→ **LISTED ENTRIES**:

-- Opening Marker --

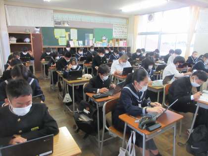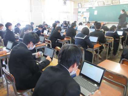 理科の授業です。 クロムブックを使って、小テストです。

-- Closing Marker --
-- Opening Marker --

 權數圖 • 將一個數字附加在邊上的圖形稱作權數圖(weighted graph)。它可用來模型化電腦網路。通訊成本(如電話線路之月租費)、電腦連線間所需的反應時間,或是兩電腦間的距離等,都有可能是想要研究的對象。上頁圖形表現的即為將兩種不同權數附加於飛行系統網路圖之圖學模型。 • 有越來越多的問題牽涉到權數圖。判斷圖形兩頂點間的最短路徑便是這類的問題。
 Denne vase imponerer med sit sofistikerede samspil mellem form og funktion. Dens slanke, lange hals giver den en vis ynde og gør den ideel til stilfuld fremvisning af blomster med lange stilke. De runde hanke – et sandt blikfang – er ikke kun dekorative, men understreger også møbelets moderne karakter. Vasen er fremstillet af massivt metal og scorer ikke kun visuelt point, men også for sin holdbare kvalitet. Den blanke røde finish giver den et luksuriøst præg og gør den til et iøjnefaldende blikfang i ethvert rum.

-- Closing Marker --

→ **TASK DIRECTIONS**: All lines in the listing above between the line with "權數圖 • 將一個數字附加在邊上的圖形稱作權數圖(weighted" and the line with "Denne vase imponerer", inclusive, should be set down exactly, and no line outside that range.

→ **RESULT OF THE TASK**:
 權數圖 • 將一個數字附加在邊上的圖形稱作權數圖(weighted graph)。它可用來模型化電腦網路。通訊成本(如電話線路之月租費)、電腦連線間所需的反應時間,或是兩電腦間的距離等,都有可能是想要研究的對象。上頁圖形表現的即為將兩種不同權數附加於飛行系統網路圖之圖學模型。 • 有越來越多的問題牽涉到權數圖。判斷圖形兩頂點間的最短路徑便是這類的問題。
 Denne vase imponerer med sit sofistikerede samspil mellem form og funktion. Dens slanke, lange hals giver den en vis ynde og gør den ideel til stilfuld fremvisning af blomster med lange stilke. De runde hanke – et sandt blikfang – er ikke kun dekorative, men understreger også møbelets moderne karakter. Vasen er fremstillet af massivt metal og scorer ikke kun visuelt point, men også for sin holdbare kvalitet. Den blanke røde finish giver den et luksuriøst præg og gør den til et iøjnefaldende blikfang i ethvert rum.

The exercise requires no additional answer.